Calgary students participated in a province-wide school walkout Thursday in response to the outcome of the Alberta teachers’ strike.
Alberta Students for Teachers is a group that worked to organize walkouts in high schools across the city. Organizer Arya Mishra told the Calgary Eye Opener She sees the protest as an opportunity for students to make their voices heard.
“Politicians and a lot of people are saying things that supposedly come from students,” said Mishra, a Grade 12 student at William Aberhart Middle School. “I have yet to see many students repeat those same statements.”
Calgary Eye Opener9:11Student strikes in support of teachers
Students are walking out of classes in support of teachers today. We spoke to a couple of organizers about the plan and the message they want to send to the province.
Students returned to school Wednesday after the provincial government introduced back-to-work legislation for striking teachers on Monday, which included the province invoking the notwithstanding clause.
Bill 2, or the Back to School Act, marked the end of labor action that saw more than 50,000 members of the Alberta Teachers’ Association go on strike more than three weeks ago.
Mishra said she and her fellow protesters want to make it clear that they support the teachers.
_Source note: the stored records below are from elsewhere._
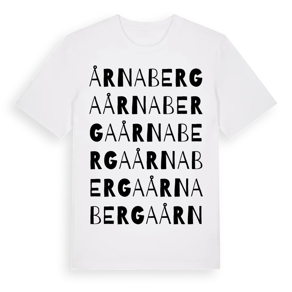 Årnaberga ordlek t-shirt är inspirerad av byn Årnaberga i Hallands län, Sverige. Tröjan är designad för dig som har en speciell koppling till platsen – oavsett om du bor här, har rötterna här eller bara älskar Årnaberga.
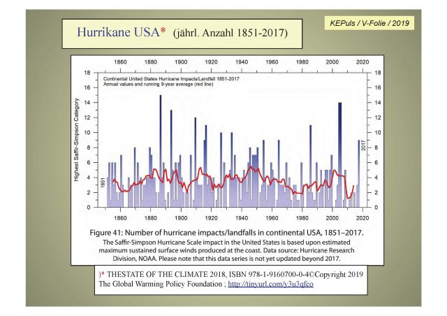 „The number of hurricane landfalls in the continental United States is shown in Figure 41. Over the observational period, this data series shows considerable variations from year to year, but it is not possible to detect any clear trend over time.“
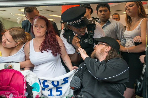 and one photographer. I'd decided not to try and get inside the shop unless most of the protesters did
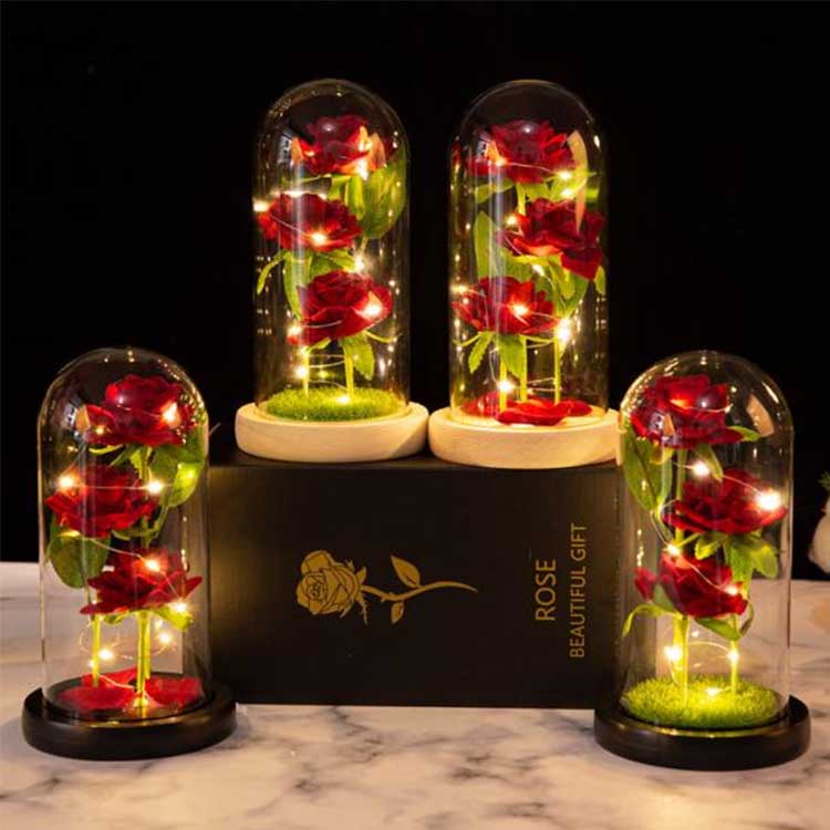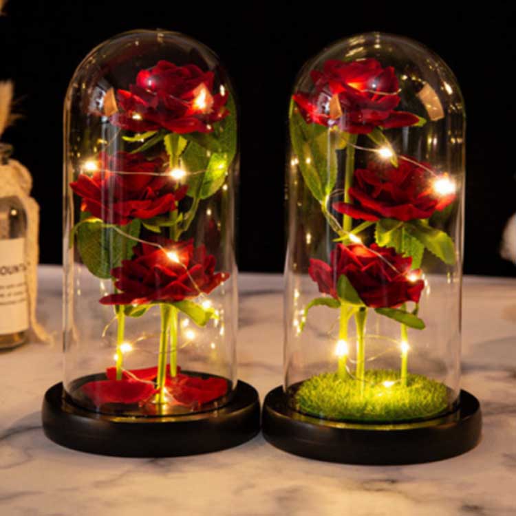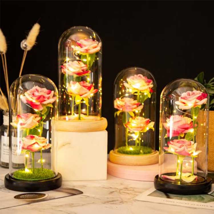 Sa loob ng rosas na simboryo ng baso ay tatlong napanatili na bulaklak na nakalagay sa iba't ibang taas, na may makatotohanang mga tangkay at berdeng dahon.Ang takip ng baso ay lumalaban sa init at hindi madaling masira.Ang mga ilaw ng LED string ay may built-in na malambot na pag-iilaw, at ang switch ay matatagpuan sa ilalim ng kahoy na base para sa madaling operasyon.
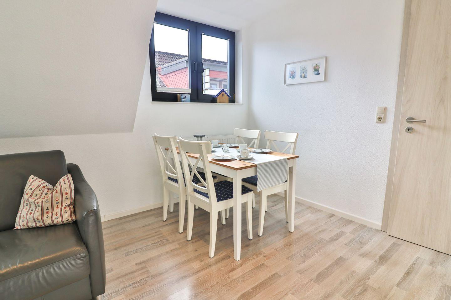Die Unterkunft „Austernfischer“ befindet sich in der Mittelstraße 14 auf der Nordseeinsel Langeoog. Sie bietet auf 42 m² Wohnfläche modernen Komfort für Paare, kleine Familien oder einzelne Reisende, die Wert auf eine umfassende Ausstattung legen und einen angenehmen Aufenthalt suchen. Ihnen steht ein gemütlich eingerichtetes Maisonette-Apartment im 1. und 2. Stock mit insgesamt drei Zimmern zur Verfügung, darunter ein Wohnzimmer mit Schlafcouch (160 x 190 cm), ein Zimmer im Obergeschoss sowie ein separates Schlafzimmer mit einem bequemen Doppelbett (180 x 200 cm) für bis zu drei Personen mit maximal 2 Erwachsenen. Kinder und Babys sind willkommen, sodass hier auch kleine Familien eine geeignete Bleibe finden.
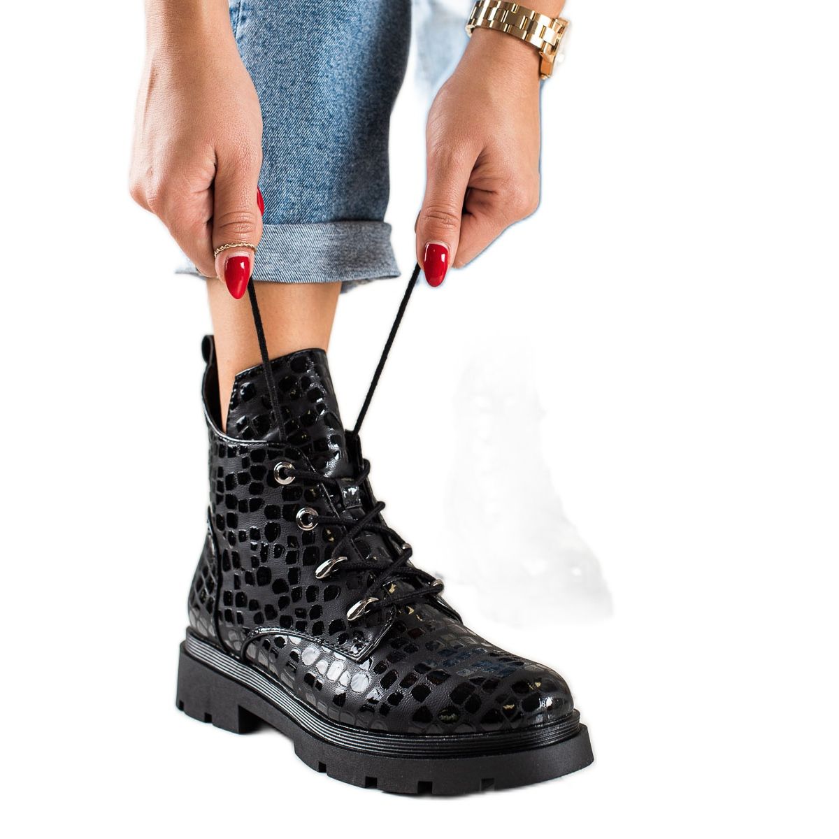 Upptäck unik stil och komfort med Filippo ankelboots i en fashionabel svart version. Dessa ankelboots med snörning med djurtryck är en perfekt kombination av elegans och casual chic, perfekta för vardagsstyling, särskilt under höst/vintersäsongen.
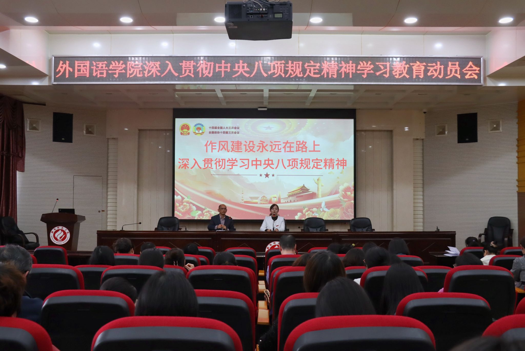 最后,会议传达学习了2025年全国两会精神和政府工作报告。会议指出,学院要把学习好、领会好、贯彻好全国两会精神作为重要政治任务,把两会精神融入教书育人全过程,以实际行动落实国家战略部署,聚焦教育强国、科技创新等议题,结合学科特色推进教育教学改革,致力于培养兼具家国情怀与专业能力的新时代外语人才。
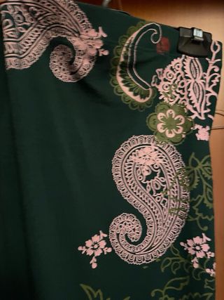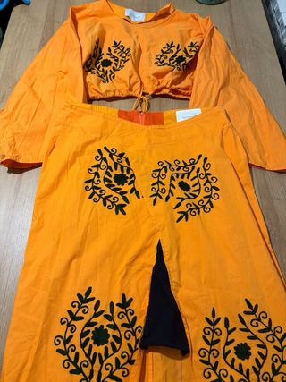 Conjunto de dos piezas de la marca IQ Collection. - Diseño con estampado floral. - Mangas acampanadas. - Cintura ajustable con cordón y detalle de borla. - falda larga con abertura lateral. Talla XL A la falda se la puso un trocito negro para que al andar no abriese tanto y fuera mas comoda

“We understand why the strike happened,” he said. “We want caps on classrooms and we want January diplomas to be optional.”
An online petition calling for Alberta’s January 2026 diploma exams to be made optional in light of the strike currently has more than 27,000 signatures. The province announced that the November diploma exams for Grade 12 students will be optional approximately two weeks after the strike.
“Now, thanks to the back-to-work legislation, we are going back to school and no changes have been made,” Mishra said. “That’s frustrating for students.”
Buddy Alberta Student Teacher Organizer Vaisnavi Venkateshwaran is a Grade 12 student at Sir Winston Churchill Secondary School. She says she is motivated to protest because she believes the provincial return-to-work legislation is a violation of constitutional rights.
“No matter what your political affiliation is… we have a duty to defend those rights,” he said. “If we take this slow, it will set a precedent that we will take it slow for anything in the future.”
“As a 12th grader and a future voter, I have a duty to be educated and a duty to fight for what I believe in,” she said. “I think that’s something that a lot of students really feel the same way.”
Minister and school board say students must stay in class
In an emailed statement, Education Minister Demetrios Nicolaides said “sStudents have a variety of ways they can express themselves and we will always respect their right to peacefully assemble and protest. However, it is important that they are in class and do not disrupt their own learning or that of others.”
In a statement sent to CBC News, the Calgary Catholic School District acknowledged that the strikes would take place on Thursday, but said ““Our district does not endorse or sanction a student strike.”
The school board said protesting does not meet the criteria for an excused absence under the provincial Education Act.
““Students who participate will not be supervised by teachers or administrators,” the school board said. “Any student’s participation in this event will result in an unexcused absence.”